U.S. considers a plea deal that would allow Julian Assange to go free, according to reports

Mar 21, 2024 | 0 comments

By Julian Borger

The US government is reported to be considering a plea deal offer to Julian Assange, allowing him to admit to a misdemeanor, but his lawyers say they have been “given no indication” Washington intends to change its approach.

Julian Assange

The Wall Street Journal reported on Wednesday that the US justice department was looking at ways to cut short the long London court battle of the WikiLeaks founder against extradition to the US on espionage charges for the publication 14 years ago of thousands of classified US documents related to the Afghanistan and Iraq wars.

The report said a plan under consideration would be to drop the current 18 charges under the Espionage Act, if Assange pleaded guilty to mishandling classified documents, a misdemeanor offence. Assange would be able to enter the plea remotely from London and would likely be free soon after the deal was agreed to, as he has already spent five years in custody in the UK.

However, Assange’s legal team said they were not aware of any change in the prosecution strategy.

One of Assange’s defence attorneys, Barry Pollack, said in a statement: “It is inappropriate for Mr Assange’s lawyers to comment while his case is before the UK high court other than to say we have been given no indication that the Department of Justice intends to resolve the case and the United States is continuing with as much determination as ever to seek his extradition on all 18 charges, exposing him to 175 years in prison.”

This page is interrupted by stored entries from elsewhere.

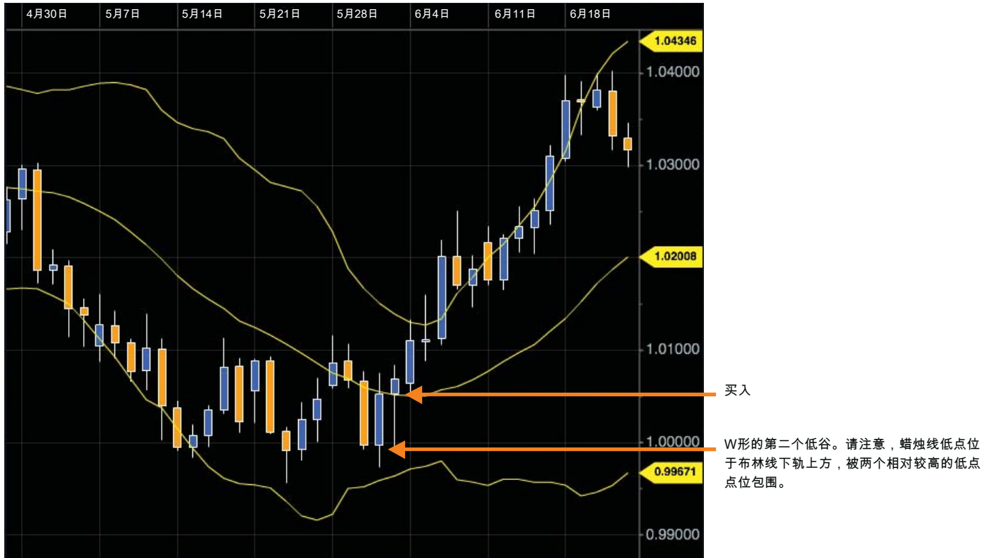
图6 第二个低谷的形成是关键信号。

一旦形态中出现第二个低谷（见图6），那么您可以入场建仓。当金融产品的交易价格高于最低点所在蜡烛的最高点（即低谷中的最低点），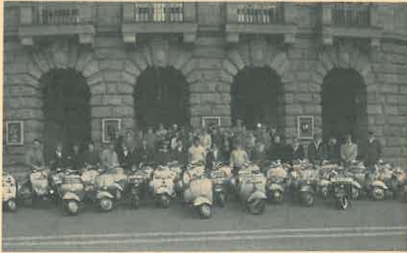
Clubausfahrt am Tag der Vespa im Jahre 1956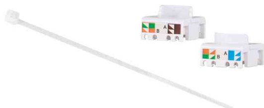
Keystone Verbinder Kat.6A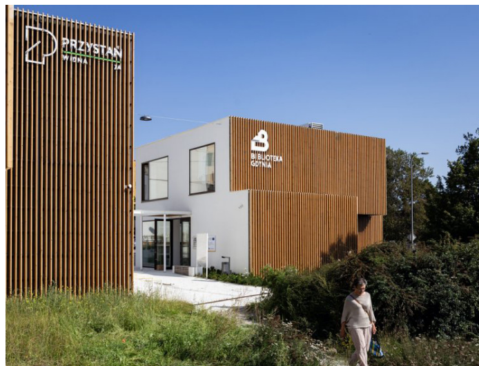
Przystań Widna 2A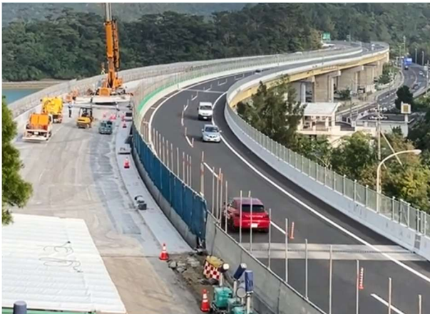
対面通行規制状況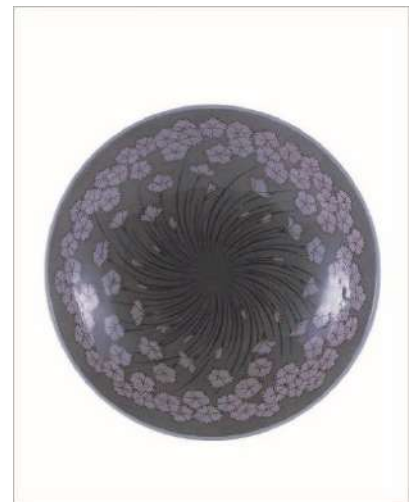
広報用図版 No.9 十三代今泉今右衛門《色鍋島薄墨石竹文鉢》 1982年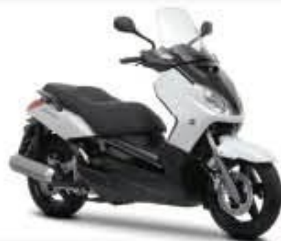
Competition White (BWC1)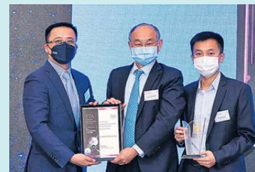
▲ 監管科技 白金獎 優利佳金融科技有限公司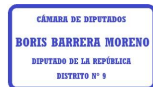
Boris Barrera Moreno Diputado de la República de Chile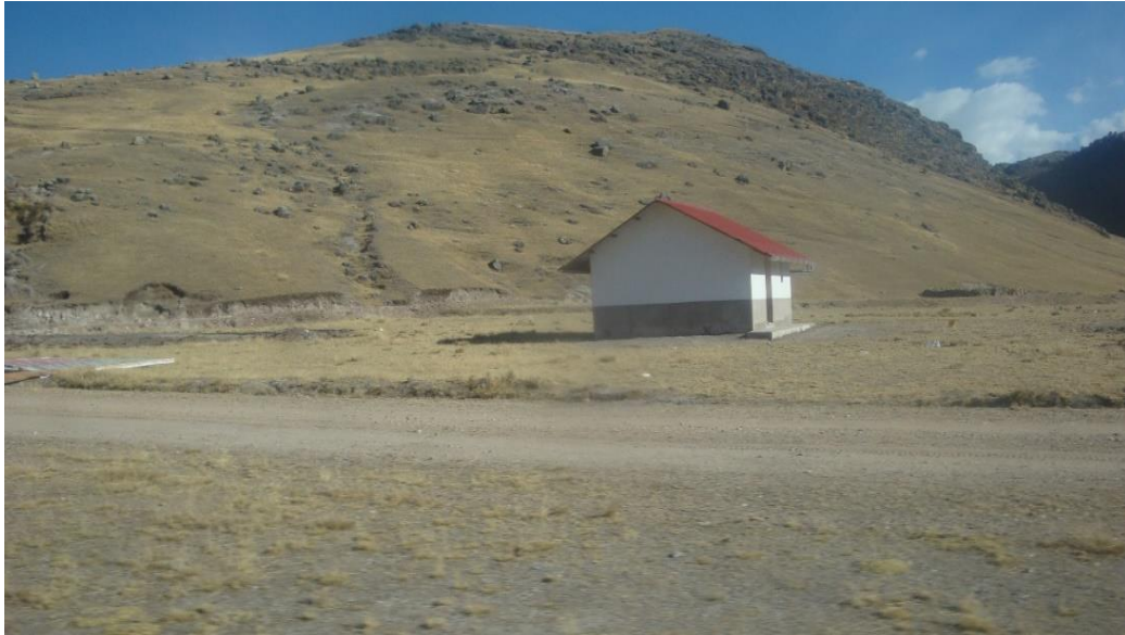
Figura 12. Vivienda construidos por el Tambo

Fuente: Fotografía registrada en junio del 2018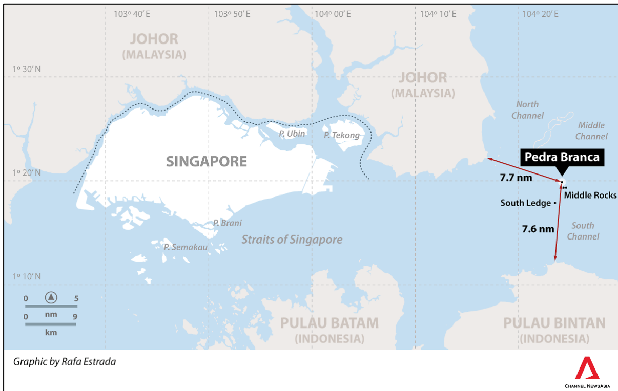
Peta 5. Kedudukan South Ledge/Tubir Selatan di Laut China Selatan

Malaysia dan Singapura telah pun menubuhkan Jawatankuasa Teknikal Bersama untuk menggariskan sempadan maritim di kawasan sekitar Batu Puteh dan Batuan Tengah serta menentukan hak kedaulatan ke atas Tubir Selatan (Zhuo, 2020).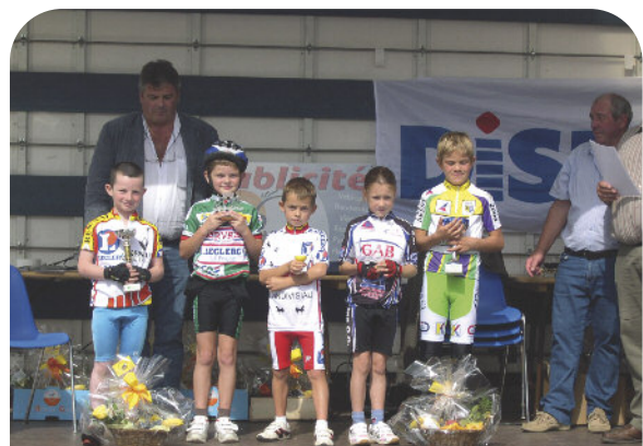
Remise de coupes aux jeunes cyclistes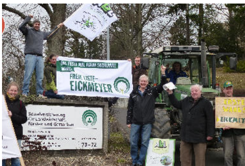
Bauern protestieren gemeinsam mit ihrem Spitzenkandidat vor der SVLFG in Kassel für eine gerechte Agrarsozialpolitik.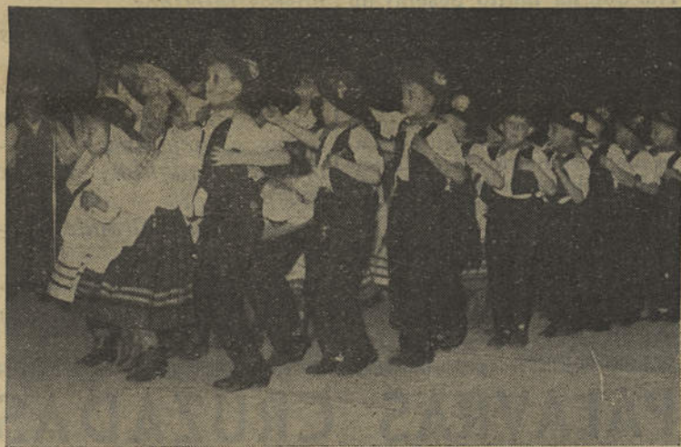
Rancho Folclórico Infantil das Escolas Primárias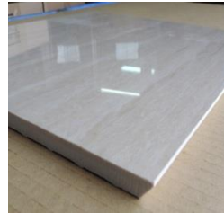
【大判トメ加工仕上げ】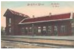
Station Sint-Gillis-Waas (SASN20110222_011)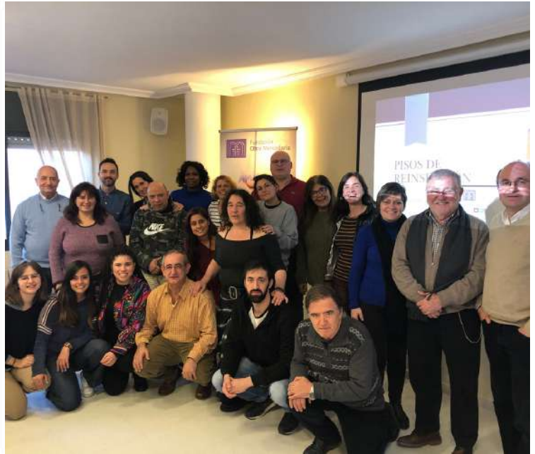
Part de l'equip professional i voluntaris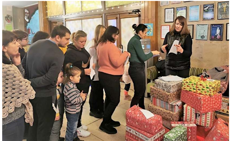
Verteilung der Weihnachtspäckchen durch den Allukrainischen Verband der Binnenvertriebenen in Rivne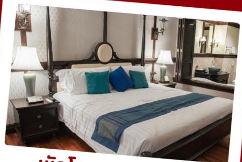
พักโรงแรม 5 ดาว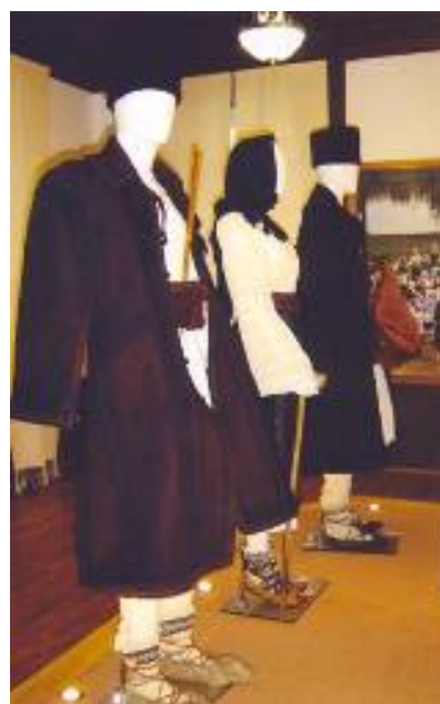
Lăutarii (cobză, fluier) și-o bunică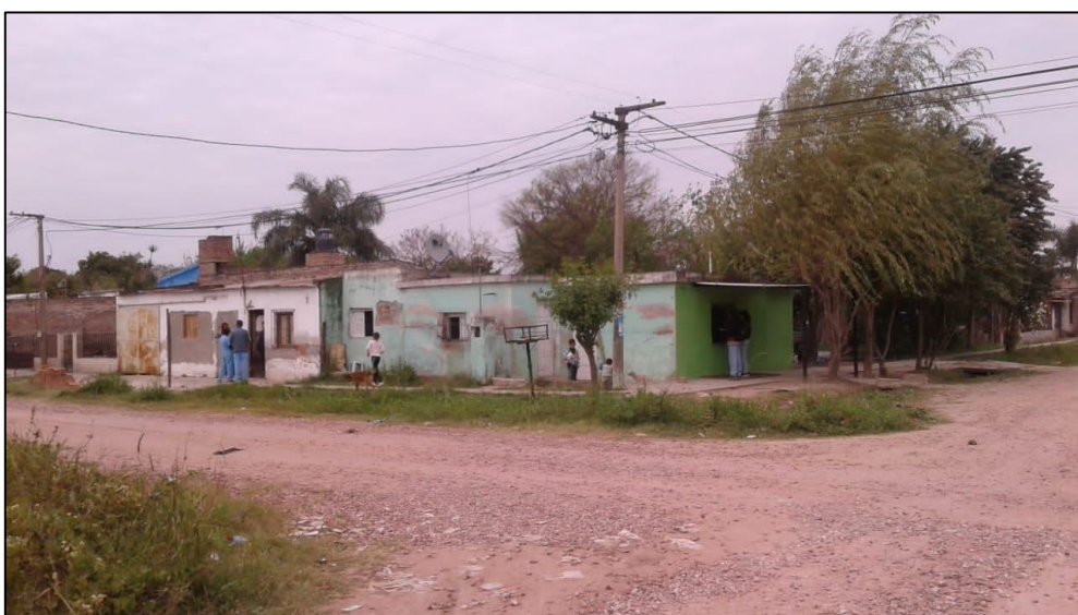
Estudiantes realizando entrevistas en el Barrio San Cayetano.

Durante el periodo julio-diciembre 2019, se realizó un estudio descriptivo-transversal del Barrio San Cayetano tras la concreción de 497 encuestas completadas mediante entrevistas, con las que se logró obtener información sobre determinantes de salud de 1413 personas.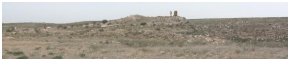
26. Наблюдательная башня порта

Памятник Караман-Ата X-XIX вв. весьма интересный. Он состоит из некрополя и подземной мечети. Здесь встречается множество разнотипных погребений, а подземная мечеть отличается от других подземных мечетей количеством и просторностью комнат.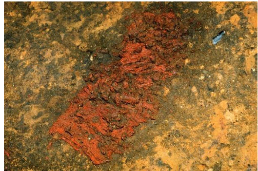
うるしせいひん 漆製品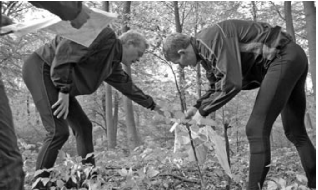
O-løb vinteren igennem

The high court is expected to decide in the next few weeks whether to grant Assange a further right to appeal his extradition. Assange, who is being held in the high-security Belmarsh prison, was said to be too ill to go to the Royal Courts of Justice to attend the most recent hearing there last month.

If the two judges rule against him, he will have exhausted all UK options to challenge the extradition, and the sole remaining avenue open to him would be the European court of human rights, which could order the UK not to go ahead with the extradition until the court has heard the case. If that fails, Assange could be taken to the US within a few days.

Assange’s extradition would be politically difficult for the Biden administration, particularly in an election year. The previous Democratic administration, under Barack Obama, ultimately decided not to charge Assange because of fears that doing so would infringe first amendment rights guaranteeing freedom of the press.

In 2019, the Trump administration pressed ahead with charges under the 1917 Espionage Act, seeking to differentiate conventional journalism from Assange’s actions, which provided a platform for the publication of leaked secret documents, and which prosecutors allege he knew would put lives in jeopardy.

In a hearing on Assange’s permission to appeal in February, his defence lawyers argued he could be targeted by US state agencies for “extra-legal attack elimination” if he were extradited, particularly given “the real possibility of a return of a Trump administration”.